Si Dios es realmente el que da la vida a sus hijos, si Dios es el que libera siempre de la muerte a los que se abandonan en él; si Dios no quiere la muerte de sus hijos, sino que crezcan y vivan; si Dios es fuente de vida y resurrección para los que hacen su voluntad; si Dios es verdaderamente el Dios de vivos y no de muertos… ¿cómo no se habría llevado con él, inmediatamente, al Jesús muerto en la cruz? ¿Cómo no lo habría llenado de su vida, introducido en la vida eterna, cómo habría abandonado en la muerte a ese Hijo por excelencia, ese hijo queridísimo entre todos, ese Jesús el más amado y el más amante de todos sus hijos? ¿Cómo habría podido olvidar en la muerte a ese enamorado de Dios, ese entusiasta de Dios, ese apasionado de Dios, que sólo había vivido para darlo a conocer, hacer su voluntad y complacerlo? ¿Cómo no habría Dios exaltado el destino de ese hombre que vivió en las profundidades de su corazón y en una intimidad única con El; que sólo fue inspirado y guiado por su Espíritu y por quien sólo sintió ternura y amor?

Si es verdad que hay una resurrección de los muertos, si es verdad que Dios da vida eterna a sus amigos, ¡debía dársela, al instante, a ese hombre! Si es verdad que hay una vida después de la muerte, una vida dada por Dios a los que lo aman, bueno, entonces debía dar esa vida al mejor de sus hijos. Entonces, es cierto que Jesús ha entrado en esa vida eterna; entonces es cierto que Jesús, después de su muerte, vive de la vida que recibe de Dios.

Para aquellos que conocieron y amaron a Jesús mientras vivía, y conocido su pensamiento, yo diría que era imprescindible creer que Dios lo había arrancado de la muerte y lo había hecho revivir. Para sus discípulos no era absurdo creer que el Maestro queridísimo estaba vivo en Dios y gracias a Dios.

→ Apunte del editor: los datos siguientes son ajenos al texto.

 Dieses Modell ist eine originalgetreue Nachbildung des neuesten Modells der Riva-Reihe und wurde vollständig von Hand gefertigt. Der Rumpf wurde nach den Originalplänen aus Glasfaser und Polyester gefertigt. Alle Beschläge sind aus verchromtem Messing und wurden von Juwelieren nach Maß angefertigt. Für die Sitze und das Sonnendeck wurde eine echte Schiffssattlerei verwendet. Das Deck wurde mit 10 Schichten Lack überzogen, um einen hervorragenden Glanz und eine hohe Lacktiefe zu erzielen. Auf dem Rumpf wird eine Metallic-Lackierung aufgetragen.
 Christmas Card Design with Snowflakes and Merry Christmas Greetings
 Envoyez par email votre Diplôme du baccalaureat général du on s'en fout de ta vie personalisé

Para ellos, estaba muy claro que esa vida que el crucificado recibía nuevamente de Dios era también el sello de aprobación puesto por el mismo Dios sobre toda la obra y misión terrestre del Profeta de Nazaret.

Esa ha sido desde el principio la reacción y la convicción profunda e inquebrantable de sus discípulos y de todos los que le amaron. Esas fueron sin duda, las reflexiones que habitaron el espíritu y el corazón de sus discípulos después de la muerte de su Maestro y Señor.

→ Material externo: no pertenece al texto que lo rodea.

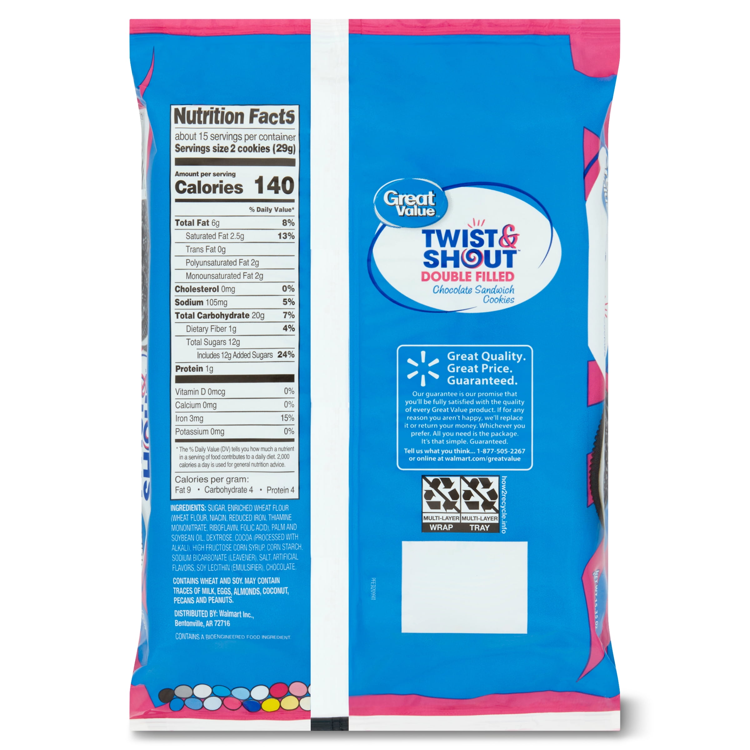 Double down on sweet indulgence anytime with Great Value Twist & Shout Double Filled Chocolate Sandwich Cookies. These satisfying chocolate cookies are sandwiched around twice the amount of sweet filling contained by similar cookies. Enjoy them with cold milk for a classic sweet snack. Expand your dessert routine by crumbling them as a topping on ice cream or blitzing them in a food processor to make an outstanding crust for homemade pies. This 15.35-ounce package includes 15 servings of these tasty sandwich cookies, so you can be sure to keep everyone happy. Whether you slip them into school lunches or save them for after-dinner treats, Great Value Twist & Shout Double Filled Chocolate Sandwich Cookies will satisfy every sweet tooth in your family. Great Value products provide families with affordable, high-quality grocery and household consumable options. With our wide range of product categories spanning grocery and household consumables, we offer you a variety of products for your family’s needs.

Y así, desde los inicios del hecho cristiano, nació en los discípulos del Nazareno la convicción y la certeza de que el Hombre muerto en la cruz ahora estaba vivo. Pero, los discípulos creían que estaba vivo, no porque hubieran asistido al "milagro" de su reanimación física, o de su salida de la tumba; o porque algunos contaran que lo habían visto vivo en Jerusalén o en Galilea, sino porque tenían la firme convicción de que era imposible que ese ser de luz, siempre repleto de Dios, no estuviera ahora con Dios y establecido en Dios para siempre.

Para los discípulos, la certeza de que Jesús continuaba viviente en Dios fue la conclusión normal de su fe, yo diría incluso que se les impuso con la evidencia de una necesidad. Su fe en Jesús rehusaba aceptar su muerte como un acontecimiento inevitable e irreversible. Ese hombre, esa calidad de hombre, esa obra maestra de Dios, sólo podía estar vivo, sólo podía permanecer viviente. Por tanto, hay que afirmar que Jesús está vivo sólo para sus discípulos y a causa de su fe en él.

De ahí que es la fe, el amor de sus discípulos, lo que está en el origen de la fe en la resurrección de Jesús. Por eso esta experiencia de Jesús, percibido como viviente después de su muerte, es una experiencia totalmente interior, personal, yo diría "mística", y no algo que sucede en el mundo exterior, como sería un acontecimiento histórico que podría ser verificado, descrito, registrado, fotografiado por nuestros sentidos o por los instrumentos de la técnica moderna. De todas formas, que la resurrección de Jesús no sea un acontecimiento históricamente verificable no significa que no sea verdadera y real. Su realidad y su verdad, sin embargo, no debemos buscarlas en el mundo de los fenómenos físicos e históricos, sino en el mundo de la trascendencia de la fe.

Pero para aquellos y aquellas que no creen y no son discípulos, el dogma cristiano de la resurrección del Maestro de Nazaret no puede ser que una afirmación absurda e insensata. Para los que no creen y cuya vida no ha sido afectada para su presencia, Cristo no está vivo, sencillamente porque ellos no viven de él.

Bruno Mori -

Traducción de Ernesto BAQUER 

vendredi 8 avril 2016

VIERNES SANTO

 LA CRUZ  ALGO INHERENTE A NUESTRA CONDICIÓN HUMANA

La cruz símbolo de nuestros desgarrones

En un libro de Françoise Dolto titulado «Los evangelios desde el sicoanálisis», dice que, para ella, el eje vertical de la cruz, representa nuestra tirantez entre arriba y abajo, es decir entre nuestras aspiraciones y deseos que nos elevan y nuestras aspiraciones terrestres, impulsos y necesidades; y el eje horizontal representa  nuestra lucha  entre nuestra razón y nuestro corazón.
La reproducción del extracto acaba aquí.